With an election call expected in the coming days, the Conservative Party’s prospects appear dire.
The party is at risk of being swept in Atlantic Canada and of losing seats in Quebec and Ontario. Ridings in the Prairies and in British Columbia’s Lower Mainland are in play. The Liberals could even make gains in the B.C. Interior, traditionally a Tory stronghold.
Huge caveat: Campaigns matter. During the campaign, Conservative Leader Erin O’Toole could exceed expectations. The party is well financed, with a solid, if shrinking, core of loyal supporters, A strong performance by Mr. O’Toole in the leaders’ debates and a few breaks here and there could turn things around.
But unless they get those breaks, the Tories face a drubbing.
Part of the problem lies in Mr. O’Toole’s climate-change plan. That plan, which includes putting a price on carbon, has been praised by economists and environmentalists, but criticized by many on the right who oppose carbon taxes.
In the 2015 election, the Liberals took four seats in Alberta, one in Saskatchewan and seven in Manitoba. Four years later, they were shut out of Alberta and Saskatchewan, and reduced to four seats in Manitoba. If current conditions hold, the result in 2021 could look much closer to 2015 than 2019.
The situation for the Conservatives in B.C. is grim. The polling aggregator 338Canada.com has the Tories running third in that province. Not only are seats at risk in the Lower Mainland, a few ridings in the Interior, such as Kamloops–Thompson–Cariboo or North Okanagan-Shuswap, might be vulnerable.
Defections in Western Canada would be worth the cost, if the Conservatives picked up scads of seats in Central Canada in exchange. Federal elections are won and lost in the dense band of constituencies surrounding Toronto. Polls have consistently shown that middle-class suburban voters there take climate change seriously. They should be impressed by Mr. O’Toole’s plan.
But 338.com has the Tories almost 10 points behind the Liberals in that province. Unless that gap narrows, Conservative seats in Niagara and Southwestern Ontario could be at risk. Even Mr. O’Toole’s Durham seat and Carleton, held by high-profile MP Pierre Poilievre, are thought to be vulnerable. The Tories will also have to fight hard to hold on to even half of their 10 seats in Quebec. And they could lose all four seats in Nova Scotia and New Brunswick.
Why has Mr. O’Toole made so little headway? It could be his chameleon-like tendency to become whatever you want him to be. He had initially planned to run to the left of Mr. Poilievre in last year’s leadership race. But when Mr. Poilievre decided not to run, Mr. O’Toole successfully positioned himself to the right of former Progressive Conservative leader Peter MacKay instead.
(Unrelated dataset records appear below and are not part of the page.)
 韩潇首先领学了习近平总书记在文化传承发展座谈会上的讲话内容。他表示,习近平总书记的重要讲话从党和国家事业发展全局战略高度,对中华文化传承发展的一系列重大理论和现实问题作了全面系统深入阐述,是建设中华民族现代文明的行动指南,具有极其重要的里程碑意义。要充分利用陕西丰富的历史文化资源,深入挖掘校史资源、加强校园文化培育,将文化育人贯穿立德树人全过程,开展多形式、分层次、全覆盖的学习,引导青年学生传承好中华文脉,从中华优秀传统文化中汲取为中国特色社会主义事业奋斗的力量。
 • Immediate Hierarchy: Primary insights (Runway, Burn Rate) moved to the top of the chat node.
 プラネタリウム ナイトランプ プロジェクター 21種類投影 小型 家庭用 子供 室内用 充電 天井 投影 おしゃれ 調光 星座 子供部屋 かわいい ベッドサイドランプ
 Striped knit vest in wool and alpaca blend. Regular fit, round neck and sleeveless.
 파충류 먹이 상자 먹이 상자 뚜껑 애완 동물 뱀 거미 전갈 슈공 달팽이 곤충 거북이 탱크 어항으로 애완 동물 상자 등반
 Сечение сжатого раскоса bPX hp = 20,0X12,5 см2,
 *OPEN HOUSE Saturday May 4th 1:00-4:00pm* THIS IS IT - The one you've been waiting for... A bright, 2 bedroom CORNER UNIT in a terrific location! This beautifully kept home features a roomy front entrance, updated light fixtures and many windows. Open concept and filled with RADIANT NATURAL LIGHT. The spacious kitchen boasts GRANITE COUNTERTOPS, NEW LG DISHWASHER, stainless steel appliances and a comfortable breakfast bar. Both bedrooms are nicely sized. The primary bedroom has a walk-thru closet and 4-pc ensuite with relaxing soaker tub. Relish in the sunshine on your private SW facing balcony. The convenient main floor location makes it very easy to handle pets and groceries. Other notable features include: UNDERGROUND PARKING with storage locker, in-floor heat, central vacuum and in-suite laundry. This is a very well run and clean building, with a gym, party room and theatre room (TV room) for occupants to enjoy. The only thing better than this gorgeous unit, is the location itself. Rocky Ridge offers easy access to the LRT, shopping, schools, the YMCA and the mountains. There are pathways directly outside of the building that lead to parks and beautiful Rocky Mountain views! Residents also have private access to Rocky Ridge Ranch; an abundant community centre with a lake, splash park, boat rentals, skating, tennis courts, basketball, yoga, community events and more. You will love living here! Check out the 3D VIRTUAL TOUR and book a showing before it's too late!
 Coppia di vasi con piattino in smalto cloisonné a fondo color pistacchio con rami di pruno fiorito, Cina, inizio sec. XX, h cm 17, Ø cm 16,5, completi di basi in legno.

Having won the leadership by attracting “true blue” Conservatives, Mr. O’Toole then pivoted, announcing his solidarity with the LGBTQ community, taking climate change seriously and seeking the votes of unionized workers, as Prime Minister Boris Johnson successfully did in Britain.
Social conservatives rebelled. Delegates at the party’s policy convention in March voted down a resolution affirming “climate change is real.” Backbench MPs filibustered Liberal legislation that would have banned the practice of conversion therapy on LGBTQ minors. Mr. O’Toole seemed unable to control either his party or his caucus.
Now, he appears to be on the brink of heading into an election that could secure Liberal Leader Justin Trudeau a second majority government, which would place Mr. O’Toole’s political future very much in doubt.
The good news for Conservatives is the bar of success is very low. If the Tories – or for that matter, the NDP – can hold the Grits to another minority government, Mr. O’Toole could survive as leader. Mr. Trudeau is not terribly popular; he’s just less unpopular than Mr. O’Toole. Voters could punish the Liberals for calling an election during a pandemic, even as Delta variant case counts rise.
Pundits were writing political obituaries for NDP Leader Jagmeet Singh before the 2019 election, but he performed strongly, his party won a couple dozen seats, and the New Democrats are well positioned to make gains this time out.
Mr. O’Toole could surprise us as well. (Journalists tend to describe as surprising anything that surprises them.) But barring such an upset, election night could be a long night for Erin O’Toole, whenever that night comes.